According to the minutes of the FOMC’s July 30-31 meeting, “several” Fed officials saw a “plausible case” for cutting rates by 0.25% last month.

Nevertheless, “the vast majority” of central bankers agreed that “it would likely be appropriate to ease policy at their next meeting” on Sept. 17-18, so long as inflation resumed its moderating trend.

Regarding the inflation outlook, FOMC members “judged that recent data had increased their confidence that inflation was moving sustainably toward 2%,” the minutes said.

As Creditnews reported, headline fell below 3% in July for the first time in more than three years. Other inflation metrics, such as the core Personal Consumption Expenditures index, are even lower.

With inflation cooling, “a majority of participants” observed that the balance of risk had shifted to employment after July’s dismal nonfarm payrolls report.

“Some participants noted the risk that a further gradual easing in labor market conditions could transition to a more serious deterioration,” the minutes said.
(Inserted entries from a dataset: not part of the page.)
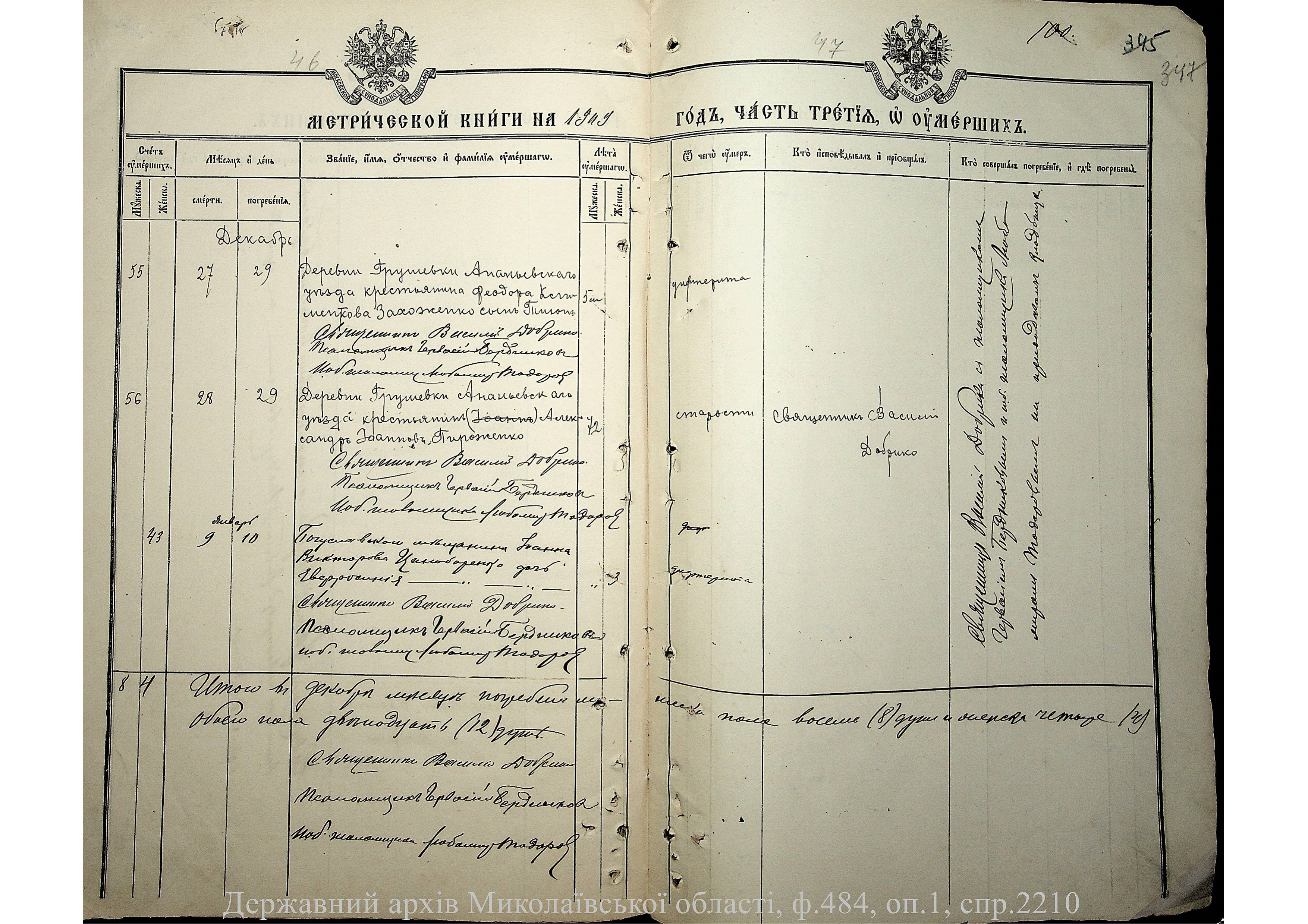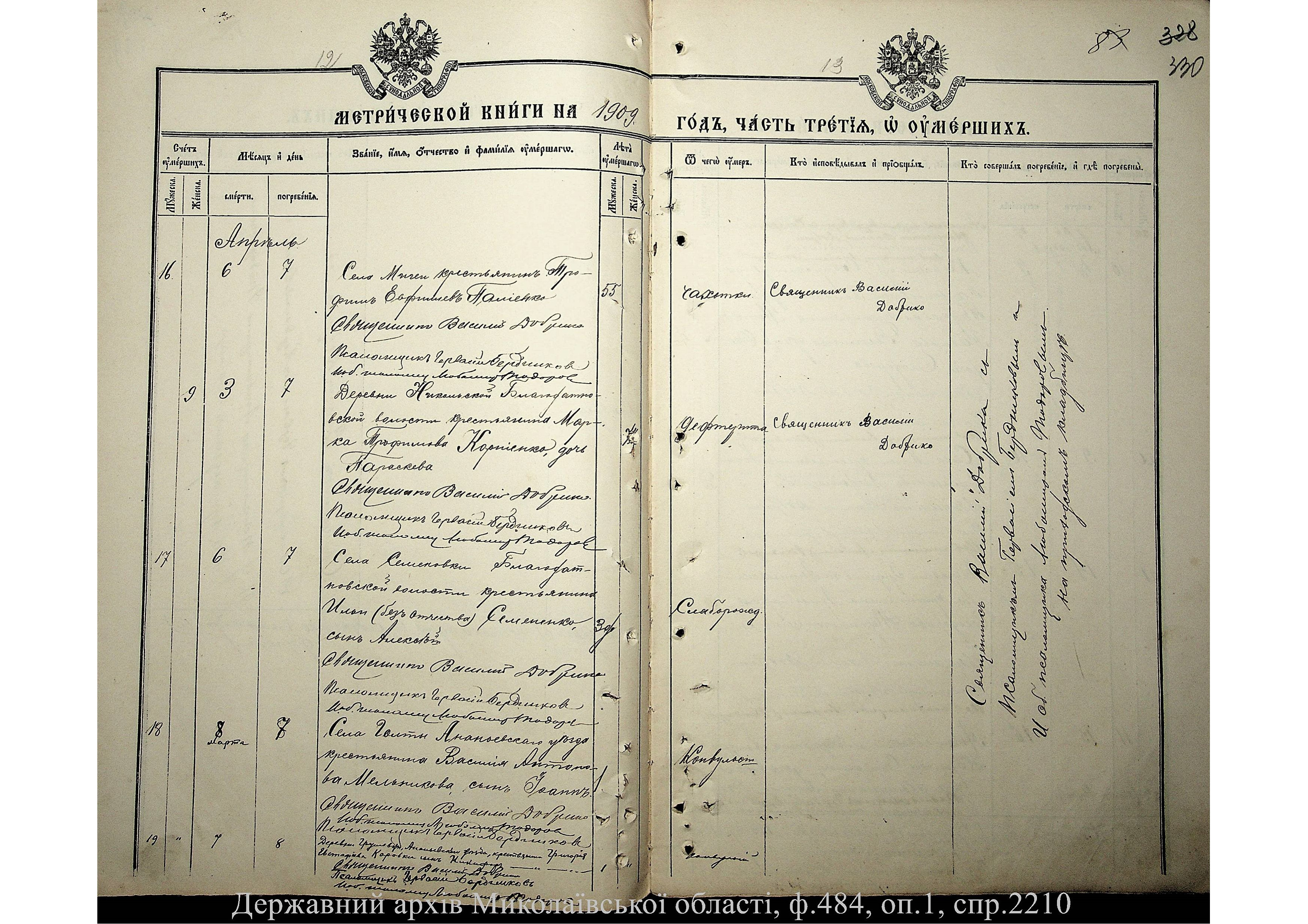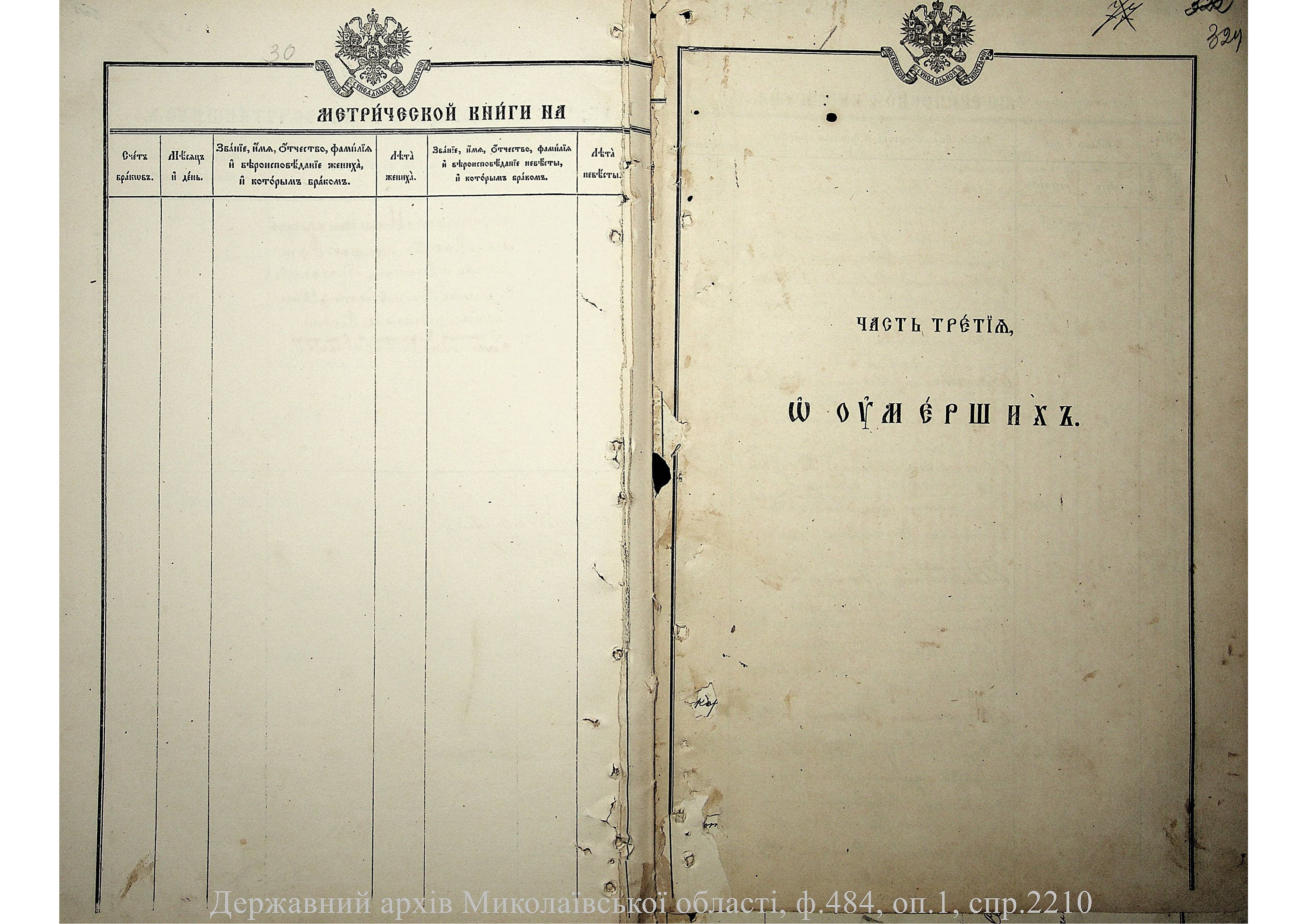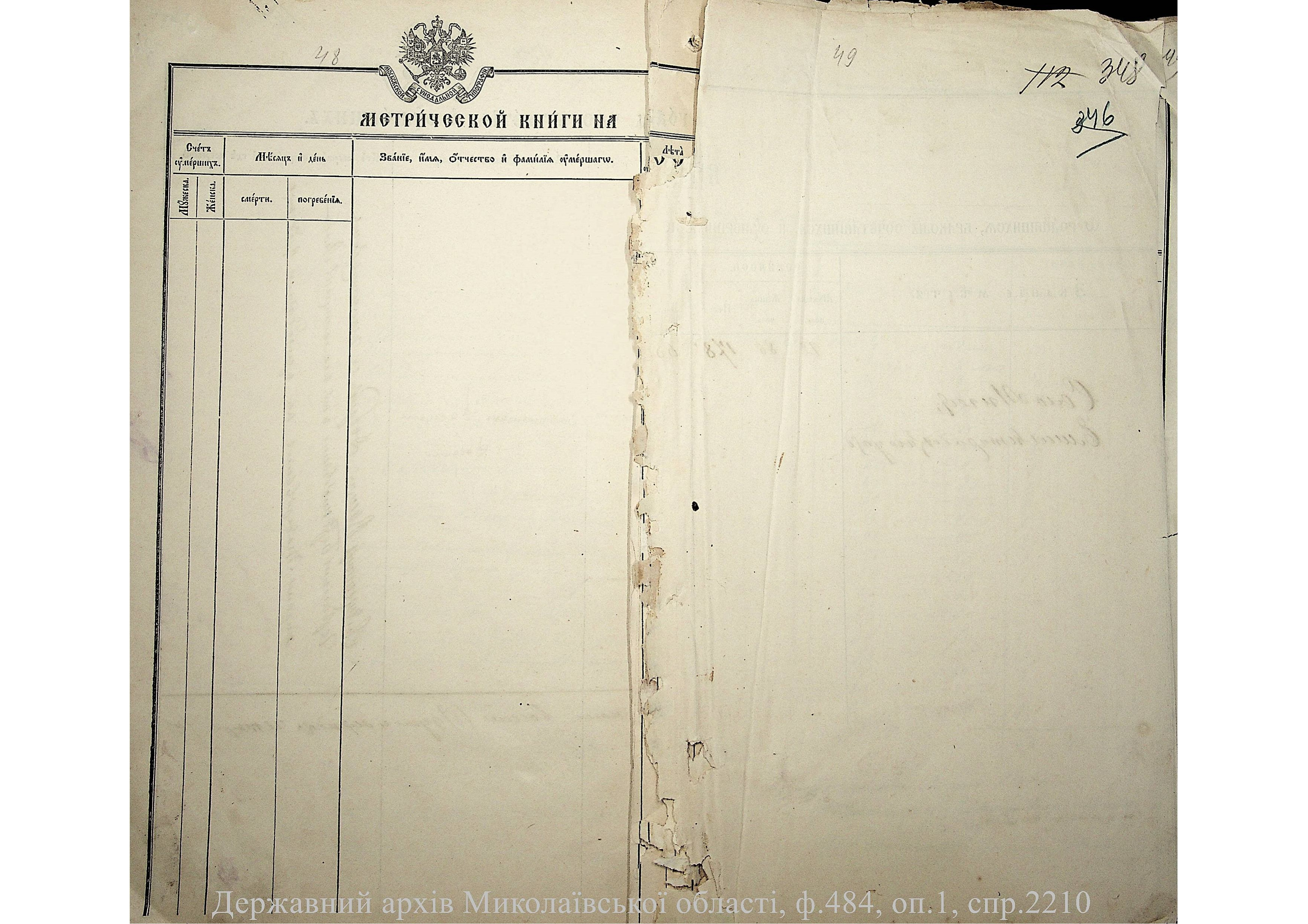 ◦ ◦ Фонд № 484 “Колекція метричних книг установ релігійних культів, що існували на території Миколаївської області”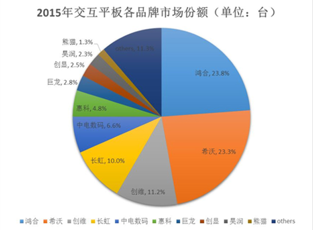 23.8%的市場份額,連續(xù)三年領(lǐng)跑國內(nèi)市場;希沃緊隨其后,占比23.3%;創(chuàng)維則在2015年完成對長虹的逆襲,以11.2%的市場份額,排在第三位;長虹僅次于創(chuàng)維,占比10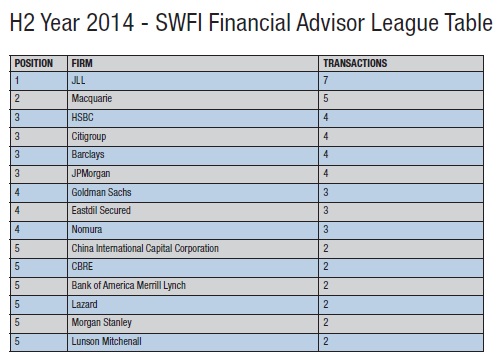 Arthur de Haast, Lead Director, International Capital Group, JLL said: "Topping the SWFI league table for second half of 2014 is great testament to the hard work of JLL's capital markets teams globally on behalf of clients. A key priority for us is to operate as one integrated team across borders, providing clients with a seamless service globally."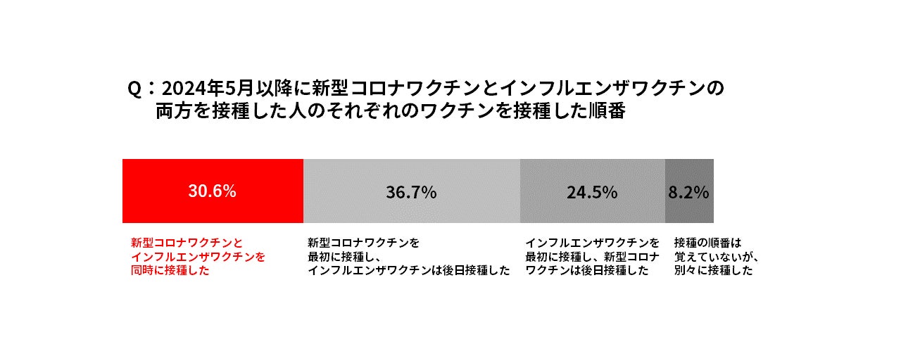 昨年2024年に新型コロナワクチンとインフルエンザワクチンの両方のワクチンを接種したシニア層のうち、30.6%が同時接種していました。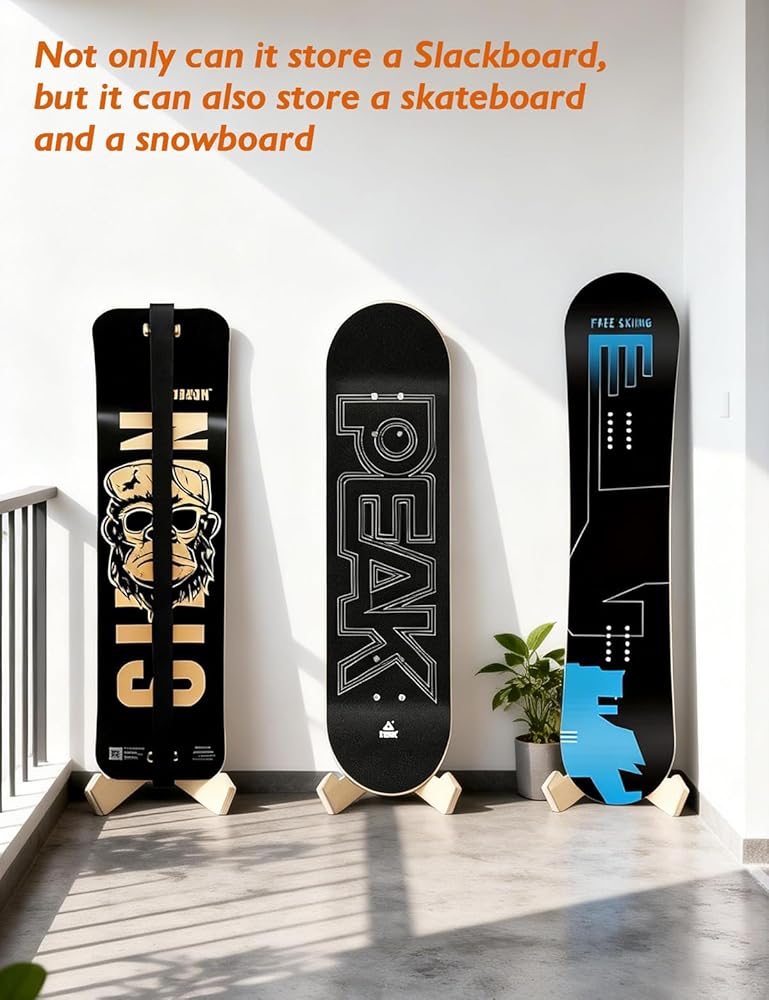 Sturdy & Stable Construction: Reliable Support for Slackline Board Sturdy & Stable Support: Secure Slackline Board Storage: Slackline board display rack delivers unshakable stability for your balance board. Durable construction prevents wobbling or tipping, keeping your balance trainer safe from scratches whether stored or displayed. A must-have sports & outdoors accessory for reliable balance board organization.

Although the Fed’s clarity on interest rates is a welcome sign to investors, economists are perplexed about why policymakers are still dragging their feet on an obvious decision.

What’s the hold-up?

Economist David Rosenberg tried to understand the central bank’s decision to delay rate cuts but admitted he was “perplexed” by the apparent contradictions.

“It truly is perplexing that the FOMC minutes could have been so dovish, and yet the Fed could decide not to cut rates at the July 30-31 meeting, though “several” participants could have been convinced,” he wrote on the X social media platform.

Whether the central bank admits it or not, “the base-case view is for sustained disinflation momentum and a further softening in the labor market,” he explained.

Despite the hold-up, Queens’ College president Mohamed El-Erian said the FOMC minutes confirmed that “A September rate cut is essentially a done deal.”

El-Erian is part of a growing camp of economists who believe that the Fed should have started cutting rates a long time ago.

Other economists, such as Wharton School professor Jeremy Siegel, believe the Fed should lower interest rates at much larger increments than the standard 0.25% reduction. In Siegel’s view, the federal funds rate should be as low as 3.5%, which means the central bank needs to play catch-up.

There’s no indication that the Fed has the appetite for jumbo-sized rate cuts. Chicago Fed President Austan Goolsbee recently told National Public Radio that a standard 0.25% cut would be appropriate next month.

Nevertheless, futures markets still suggest there’s a 25% chance of a deeper cut at the FOMC’s September meeting.